Our first taste of Athens…and what a mouthful it was!

John at Syntagma Square
Arrived in Athens in the late afternoon and spent time just having a wander and enjoying the bustle of people and the lovely marble paved streets of the Plaka (which can be a tad slippery when wet!). We found a lovely taverna called ‘Hermion’ where we had an early dinner (late for us, early for the Greeks…or any Europeans, really!). The restaurant was hidden down a side street in a very busy part of Monastiraki and was a delightful vine covered terrace with yummy food and eager service (and surprisingly good bread….and great BBQ calamari….and scrummy fried zucchini balls).
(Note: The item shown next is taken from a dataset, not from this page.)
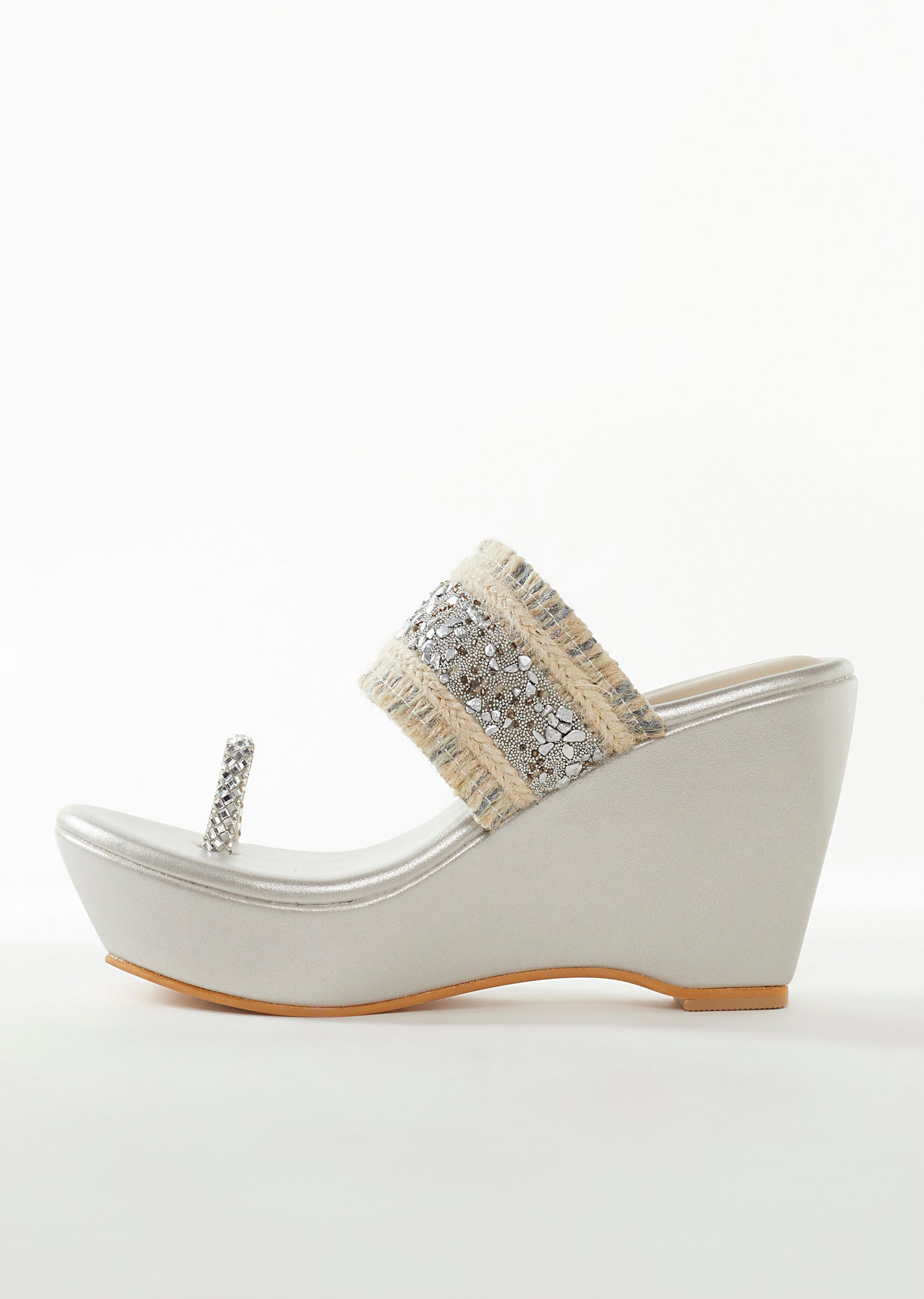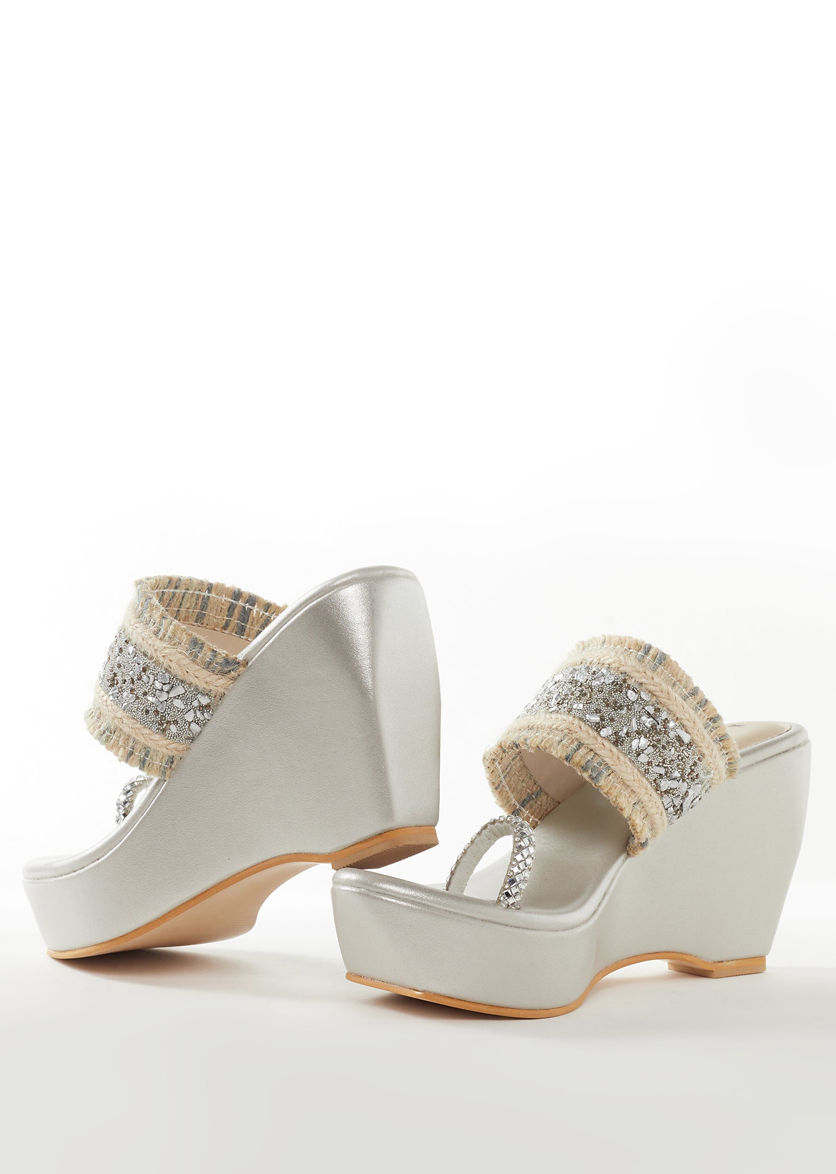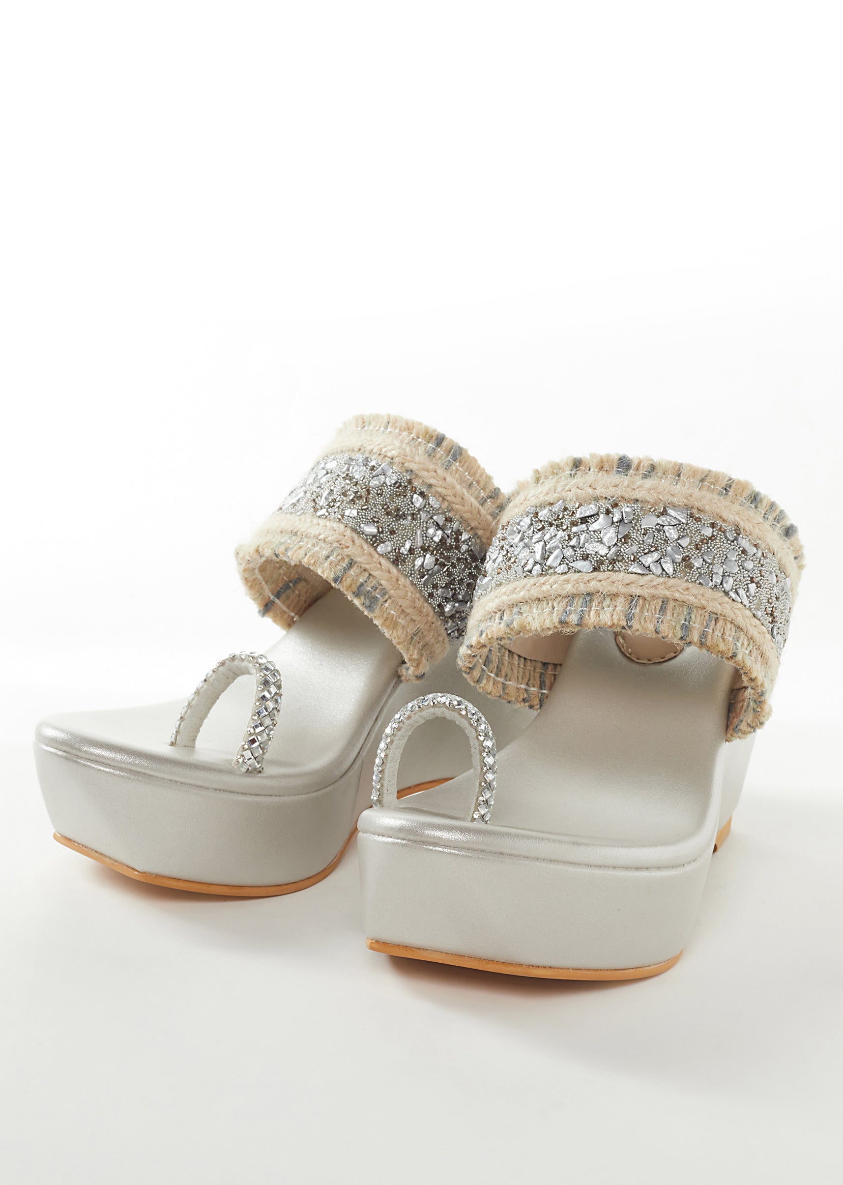 Silver Faux Leather Womens Footwear Embellished Detail Work

After travelling for 32 hours total and then wandering around the city for a few more to orient ourselves, our full bellies, wine-tickled brains and shaky legs declared it a night, and we were both asleep by 9pm.
Adrianou St at night

Our accommodation is pretty basic, but we have a clean room, comfortable bed, hot water in the shower and a view of the Acropolis from both our own private little balcony and the roof top terrace. Would highly recommend Hotel Phaedra. The location is the real winner. We have walked to every sight worth seeing.

The view from our balcony
Nic at Syntagma Square

We crammed in quite a lot of adventure today. Started early, thanks to a full 9 hours sleep, and headed out for breakfast. The choice of café for breakky was the first of many ‘odd’ decisions we made today. We asked for the ‘vegetarian toast’, having been told it had tomato, mushroom and capsicum on it. What we weren’t told is that it would also have hot chips squashed in the toasted sandwich, and a sprinkling of potato crisps on the top (??!!). Hmmmm. Odd.

Ancient Agora

We then walked to the Ancient Agora where we had a lovely time imagining ourselves chatting with Socrates as he held forth, leaning against the columns of the Stoa of Attalos (where the columns were smooth to the height of 6 feet, to make casual leaning more comfortable!). From there we checked out Hadrian’s Library, the Tower of the Winds, the Roman Forum and some lovely old Byzantine churches. One of the highlights of the morning for Nic was the discovery of the tortoises living at most of the ancient sights in Athens. They are determined, not at all slow, and even a little bit tame as they appeared to look for food in the lens when John’s camera came close.

Friendly tortoise

John at Hadrian’s Library

Nic at Roman Forum 


Lunch was had at a family owned/run ouzeri called ‘Scholarhio’. They had a great deal for €14 per person where they brought out a huge tray of dishes and (with 2 of us dining) we had to choose 5 dishes to feast on (it also included bread, 1.5L water and 500ml of house wine). We had stuffed tomatoes, traditional Greek salad, grilled eggplant, mashed fava beans and pork in a tomato, chilli sauce. Oh, they also included a sweet, syrupy cake for dessert.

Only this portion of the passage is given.